Which lines of the entries below run from the one holding "Figure 6: Jerusalem" to the one holding "statement architecturally articulated", inclusive? Set down exactly those lines and no others.

-- Data records follows --

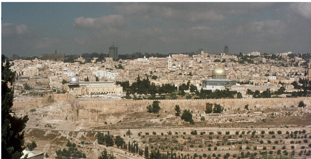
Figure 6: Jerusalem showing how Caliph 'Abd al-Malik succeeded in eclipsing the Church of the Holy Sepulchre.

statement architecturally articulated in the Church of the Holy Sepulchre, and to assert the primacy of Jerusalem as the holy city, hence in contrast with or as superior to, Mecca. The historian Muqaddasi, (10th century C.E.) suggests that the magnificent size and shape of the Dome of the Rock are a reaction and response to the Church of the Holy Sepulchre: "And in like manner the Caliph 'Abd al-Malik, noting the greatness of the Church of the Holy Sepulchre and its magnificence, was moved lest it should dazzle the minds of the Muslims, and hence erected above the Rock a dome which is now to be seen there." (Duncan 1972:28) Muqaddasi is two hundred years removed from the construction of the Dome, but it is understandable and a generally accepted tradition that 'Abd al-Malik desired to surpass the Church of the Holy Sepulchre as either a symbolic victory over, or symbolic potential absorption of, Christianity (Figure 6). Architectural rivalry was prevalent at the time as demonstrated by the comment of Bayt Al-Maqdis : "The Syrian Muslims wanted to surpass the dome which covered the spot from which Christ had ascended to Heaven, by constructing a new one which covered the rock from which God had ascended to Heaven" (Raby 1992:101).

-- Data records concluded --
-- Data records follows --

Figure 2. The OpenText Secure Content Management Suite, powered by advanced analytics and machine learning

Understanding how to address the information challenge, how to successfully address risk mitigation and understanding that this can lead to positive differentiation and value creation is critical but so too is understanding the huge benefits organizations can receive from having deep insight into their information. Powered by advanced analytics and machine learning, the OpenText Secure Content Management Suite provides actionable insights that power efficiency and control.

-- Data records concluded --

Solution to the exercise
Figure 6: Jerusalem showing how Caliph 'Abd al-Malik succeeded in eclipsing the Church of the Holy Sepulchre.

statement architecturally articulated in the Church of the Holy Sepulchre, and to assert the primacy of Jerusalem as the holy city, hence in contrast with or as superior to, Mecca. The historian Muqaddasi, (10th century C.E.) suggests that the magnificent size and shape of the Dome of the Rock are a reaction and response to the Church of the Holy Sepulchre: "And in like manner the Caliph 'Abd al-Malik, noting the greatness of the Church of the Holy Sepulchre and its magnificence, was moved lest it should dazzle the minds of the Muslims, and hence erected above the Rock a dome which is now to be seen there." (Duncan 1972:28) Muqaddasi is two hundred years removed from the construction of the Dome, but it is understandable and a generally accepted tradition that 'Abd al-Malik desired to surpass the Church of the Holy Sepulchre as either a symbolic victory over, or symbolic potential absorption of, Christianity (Figure 6). Architectural rivalry was prevalent at the time as demonstrated by the comment of Bayt Al-Maqdis : "The Syrian Muslims wanted to surpass the dome which covered the spot from which Christ had ascended to Heaven, by constructing a new one which covered the rock from which God had ascended to Heaven" (Raby 1992:101).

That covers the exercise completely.